Despite the acute carbon monoxide poisoning patients can receive various forms of treatments in present, hyperbaric oxygen therapy (HBOT) is the first choice and performing HBOT as early as possible is preferred, and postoperative prognosis is good. However, the preventive effects of HBOT on DNS remain controversial [23, 24]. Eda is a free radical scavenger, and it can effectively improve the tolerance of cerebral cells to hypoxia and protect the function of brain in the patients with acute CO poisoning. Thus, Eda can act as a potential therapy for preventing DNS. Li et al. [25] suggested that Eda attenuates brain damage in rats after acute CO poisoning by inhibiting oxidative stress and neuronal apoptosis. However, the protective mechanism of Eda against CO-induced cytotoxicity in astrocytes remains unclear. In the present study, after being preexposed to different concentrations of Eda (0.1 μM, 1 μM, 10 μM, and 50 μM), the cytotoxicity of CO and the apoptosis level gradually decline with drug concentration of Eda in astrocytes, indicating that Eda can effectively resist the cell damage caused by prolonged exposure to CO and has a protective effect on astrocytes.

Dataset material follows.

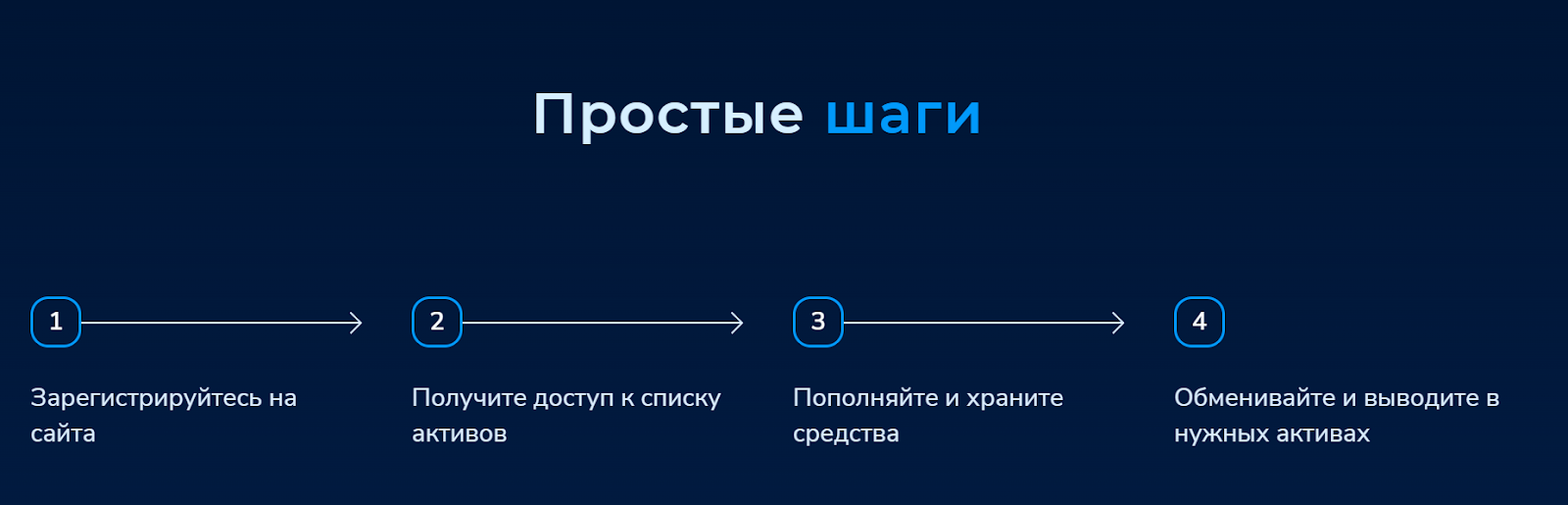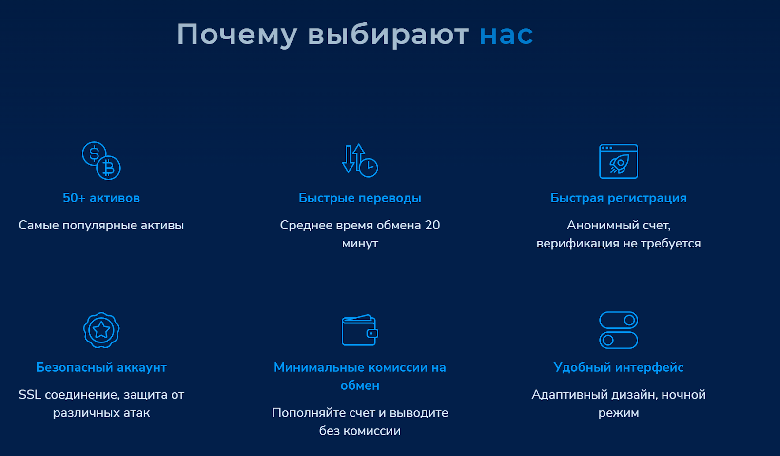 Среднее время обмена между активами составляет 20 минут. Пополнение счета и вывод заявлены как операции без комиссии. Регистрация проходит быстро и не требует предоставления документов для верификации. Это позволяет создать анонимный счет без идентификации личности.

The results of ROS and mitochondrial membrane potential measurement showed that Eda can effectively eliminate ROS and attenuate the damage of mitochondrial membrane in astrocytes. Moreover, the results of mRNA and protein expressions of Bcl-2, Bax, and caspase-3 were indicating that Eda inhibited mitochondrial apoptosis pathway activation by increasing the expressions of Bcl-2 and suppressing the expressions of Bax and caspase-3. Therefore, we suggested that the protective mechanism of Eda may contribute to inhibiting mitochondrial apoptosis pathway activation by effectively scavenging ROS and protecting the function of mitochondria.

In conclusion, this study firstly reveals that Eda protects against CO-induced apoptosis in rat primary cultured astrocytes through decreasing ROS production and subsequently inhibiting mitochondrial apoptosis pathway. Eda appears to be effective for the treatment of patients with acute CO poisoning, and it can be useful in the prevention and treatment of DNS.